Information shown |
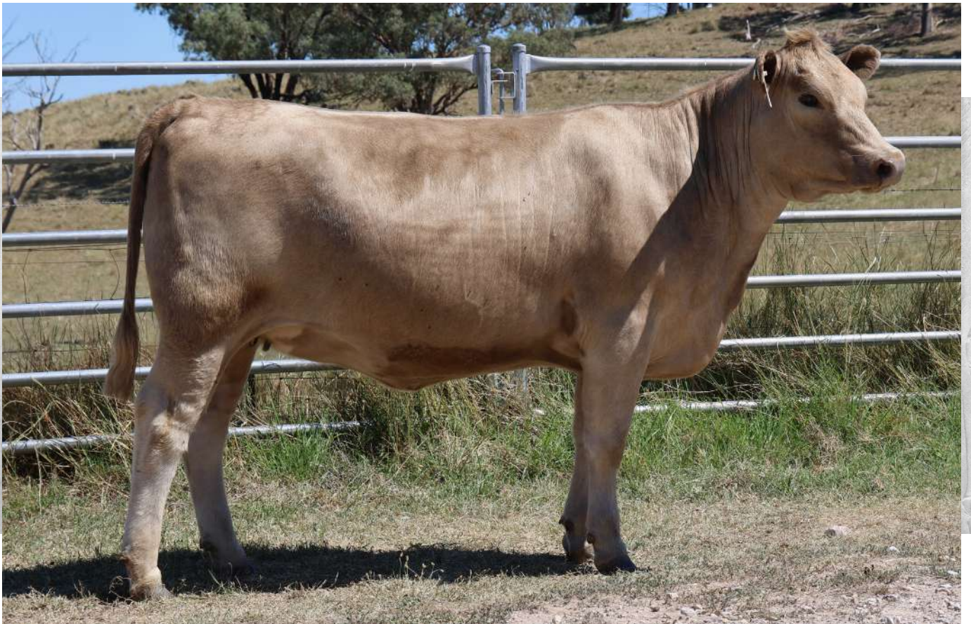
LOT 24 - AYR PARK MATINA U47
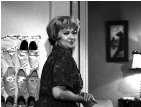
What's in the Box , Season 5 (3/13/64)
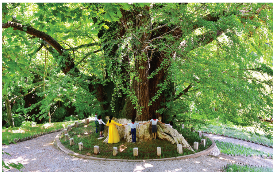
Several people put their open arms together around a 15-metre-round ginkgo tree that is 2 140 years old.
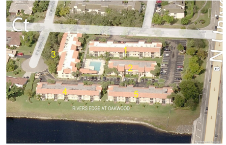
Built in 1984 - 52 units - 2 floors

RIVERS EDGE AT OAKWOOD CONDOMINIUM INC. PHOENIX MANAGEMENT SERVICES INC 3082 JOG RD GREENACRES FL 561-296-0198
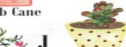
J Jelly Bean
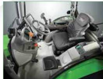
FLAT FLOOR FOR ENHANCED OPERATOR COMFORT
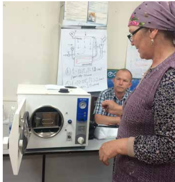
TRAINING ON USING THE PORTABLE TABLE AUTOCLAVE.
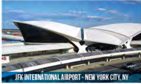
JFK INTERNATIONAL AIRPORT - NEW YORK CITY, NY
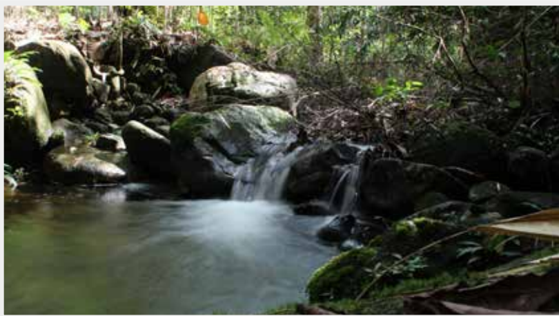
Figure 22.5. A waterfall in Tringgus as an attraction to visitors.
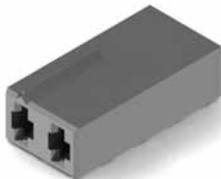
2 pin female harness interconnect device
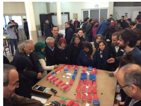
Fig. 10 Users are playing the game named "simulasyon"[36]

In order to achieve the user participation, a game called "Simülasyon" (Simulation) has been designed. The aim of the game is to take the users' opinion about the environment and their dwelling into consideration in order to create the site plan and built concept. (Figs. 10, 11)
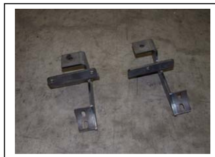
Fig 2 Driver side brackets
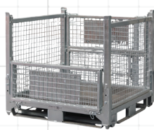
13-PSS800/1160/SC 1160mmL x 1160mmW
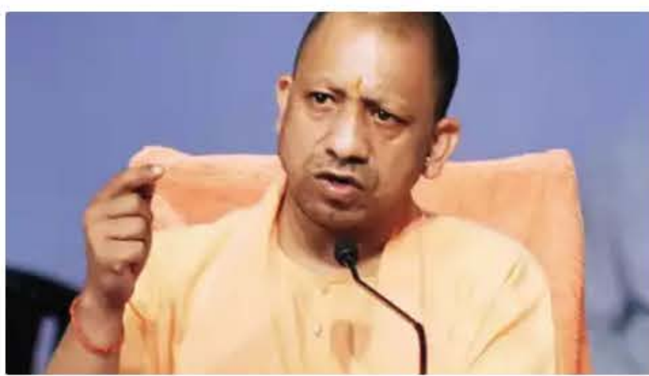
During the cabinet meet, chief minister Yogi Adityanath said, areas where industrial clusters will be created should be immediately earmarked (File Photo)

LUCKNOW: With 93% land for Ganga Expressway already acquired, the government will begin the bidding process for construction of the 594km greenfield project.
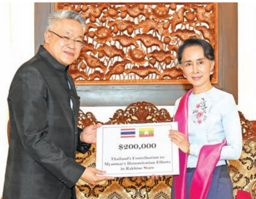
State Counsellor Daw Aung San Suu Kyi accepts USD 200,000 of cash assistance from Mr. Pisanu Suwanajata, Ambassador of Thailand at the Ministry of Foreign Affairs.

Your goal | Would you please repeat each record exactly? Leave the pictures out.

Completed task |
LOT 24 - AYR PARK MATINA U47
What's in the Box , Season 5 (3/13/64)
Several people put their open arms together around a 15-metre-round ginkgo tree that is 2 140 years old.
Built in 1984 - 52 units - 2 floors

RIVERS EDGE AT OAKWOOD CONDOMINIUM INC. PHOENIX MANAGEMENT SERVICES INC 3082 JOG RD GREENACRES FL 561-296-0198
J Jelly Bean
FLAT FLOOR FOR ENHANCED OPERATOR COMFORT
TRAINING ON USING THE PORTABLE TABLE AUTOCLAVE.
JFK INTERNATIONAL AIRPORT - NEW YORK CITY, NY
Figure 22.5. A waterfall in Tringgus as an attraction to visitors.
2 pin female harness interconnect device
Fig. 10 Users are playing the game named "simulasyon"[36]

In order to achieve the user participation, a game called "Simülasyon" (Simulation) has been designed. The aim of the game is to take the users' opinion about the environment and their dwelling into consideration in order to create the site plan and built concept. (Figs. 10, 11)
Fig 2 Driver side brackets
13-PSS800/1160/SC 1160mmL x 1160mmW
During the cabinet meet, chief minister Yogi Adityanath said, areas where industrial clusters will be created should be immediately earmarked (File Photo)

LUCKNOW: With 93% land for Ganga Expressway already acquired, the government will begin the bidding process for construction of the 594km greenfield project.
State Counsellor Daw Aung San Suu Kyi accepts USD 200,000 of cash assistance from Mr. Pisanu Suwanajata, Ambassador of Thailand at the Ministry of Foreign Affairs.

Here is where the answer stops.